Replication copies the same data to multiple nodes — for high availability and read scaling. Sharding splits different data across nodes — for write scaling and handling datasets too large for one server. They're often combined: multiple shards, each with its own replicas.
Q2. What is replication lag and how do you handle it?
Replication lag is the delay between a write on the leader and its appearance on replicas. Handle it by: routing writes and immediate re-reads to the leader; using read-your-writes consistency; tracking replication positions; or accepting eventual consistency where appropriate.
Q3. Explain consistent hashing. Why is it better than regular hash modulo for sharding?
Consistent hashing maps both data and nodes onto a virtual ring. When a node is added/removed, only ~1/N of keys need to be remapped, versus N-1/N for hash-modulo. This makes it much cheaper to scale the cluster.
Q4. What is the CAP theorem? How does it apply to choosing a database?
CAP states a distributed system can have at most 2 of: Consistency (reads always see latest write), Availability (every request gets a response), and Partition tolerance. Since partitions are inevitable, the real choice is between CP (consistency over availability) and AP (availability with eventual consistency).
Q5. What are the trade-offs of range partitioning vs hash partitioning?
Range: supports range queries efficiently, but can create hot spots (recent time-range data all on one shard). Hash: evenly distributes data, eliminates hot spots, but makes range queries expensive (scatter-gather across all shards) and rebalancing costly with modulo hashing.
Q6. What is a hot spot in sharding and how do you prevent it?
A hot spot is a shard receiving disproportionately more traffic than others. Causes: popular key (celebrity user, viral post), monotonically increasing PK with range sharding. Prevention: hash sharding, adding random suffix to hot keys, dedicated shard for hot data, caching.
Q7. What is leader election and why is it critical for replication?
When the leader fails, a new leader must be elected from replicas. Common algorithms: Raft, Paxos, Zab (ZooKeeper). The new leader must have the most up-to-date data. Split-brain (two leaders simultaneously) is a dangerous failure mode — fencing mechanisms and quorums prevent it.

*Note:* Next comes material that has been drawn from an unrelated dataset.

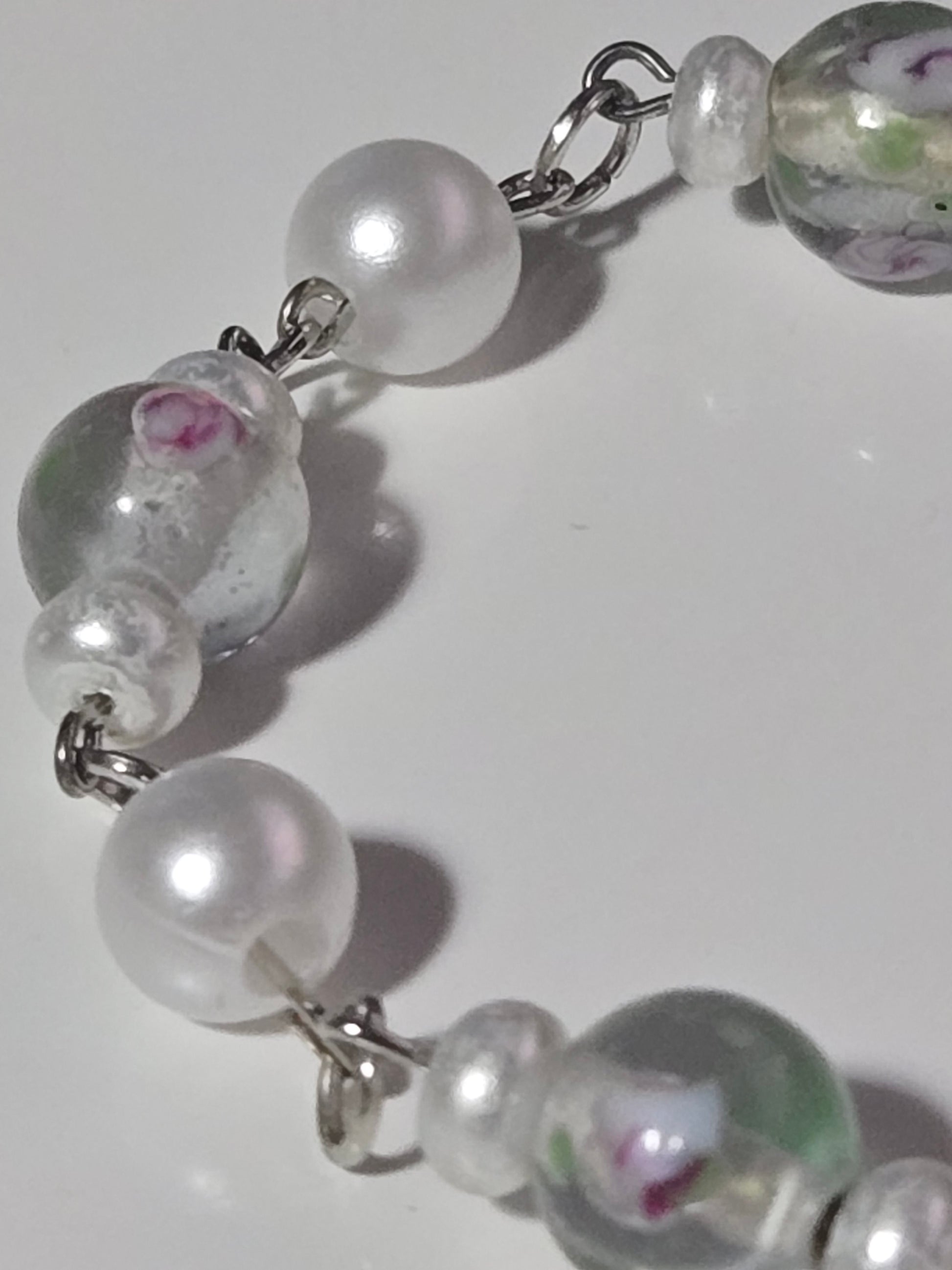 - Handmade with glass pearl beads and floral lampwork glass beads

Q8. How does multi-leader replication handle write conflicts?
Conflicts occur when two leaders accept conflicting writes to the same row. Strategies: last-write-wins (LWW) by timestamp (risks data loss); per-record conflict avoidance (route each user to one leader); application-level merge (CRDTs); reporting conflict to user. There's no perfect automatic solution — it depends on the use case.
Advanced Editorial Pass: Replication and Partitioning in Distributed Reality
Senior Engineering Focus
- Design topology around failure domains and consistency expectations.

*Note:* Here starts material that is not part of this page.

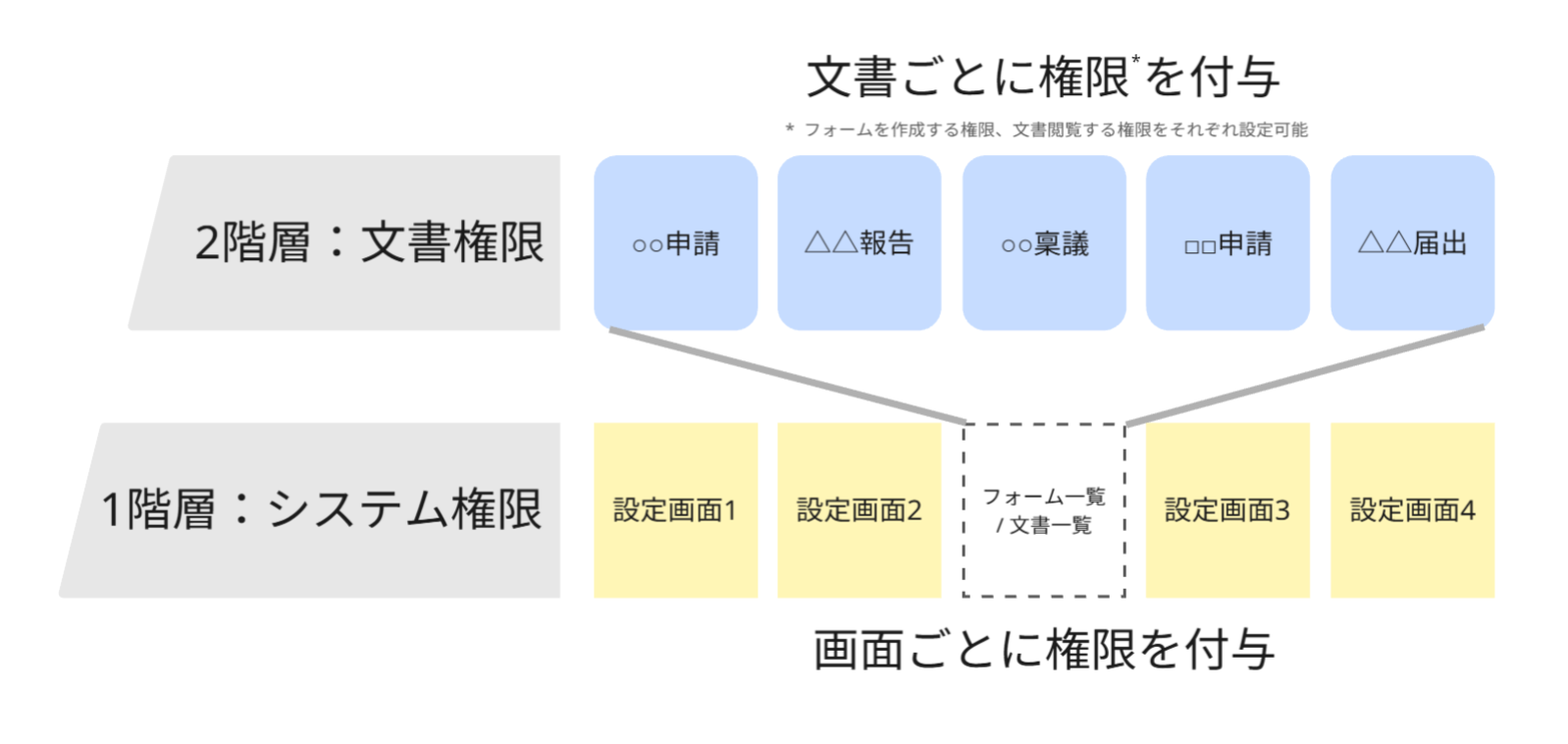 この目的を達成するため、Jugaadの権限管理は、従来の①「システム権限」(画面ごとのアクセス権限)と、文書管理機能で新設された②「文書権限」(フォームごとのアクセス権限)という2つの階層で構成されています。

- Use partition keys that balance load and preserve query locality.
- Plan failover behavior and reconciliation paths up front.

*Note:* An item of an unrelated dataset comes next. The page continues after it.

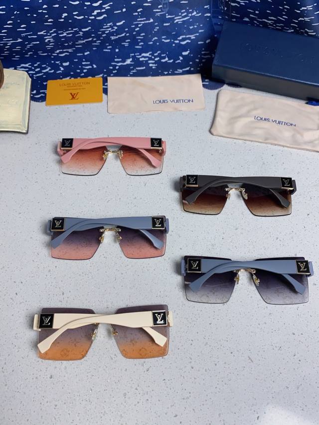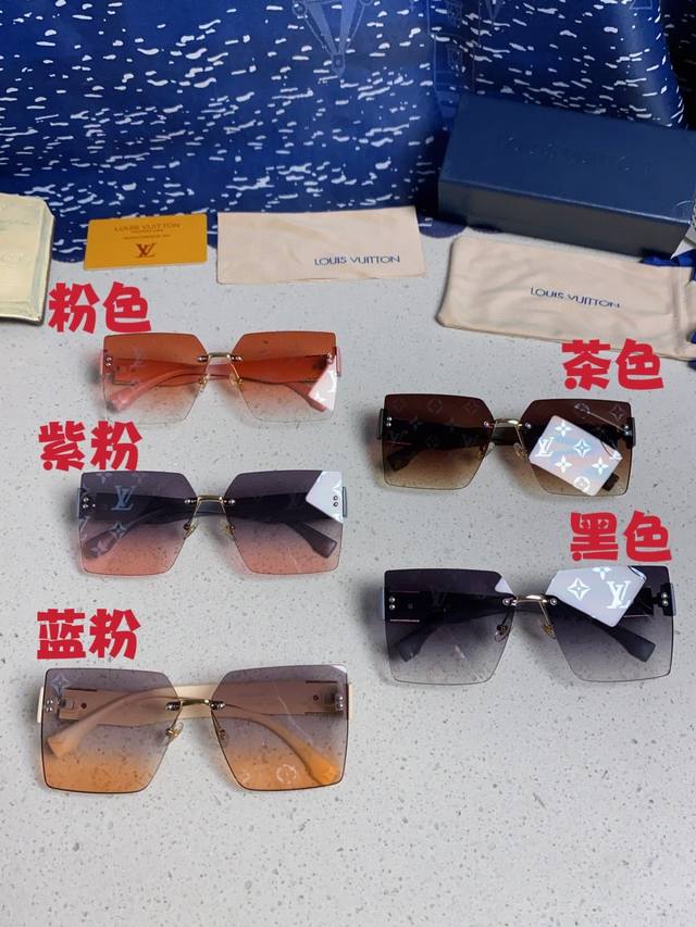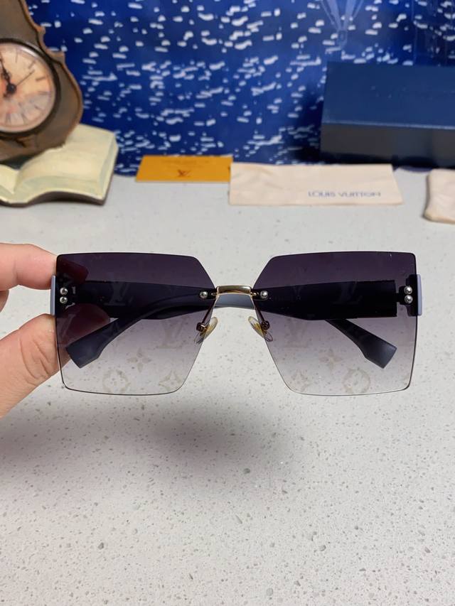 Louisvuittion Louis Vuitton 2025 new Korean version fashion frameless cut edge large frame round face sunglasses starry edge network celebrity anti-ultraviolet elegant square sunglasses

Failure Modes to Anticipate
- Hot partitions and uneven replica lag under skewed traffic.
- Failover events violating read-after-write assumptions.
- Operational complexity outpacing team runbook maturity.
Practical Heuristics
- Measure replication lag and partition skew continuously.
- Test failover and rebalancing during controlled game days.
- Document consistency guarantees per API surface.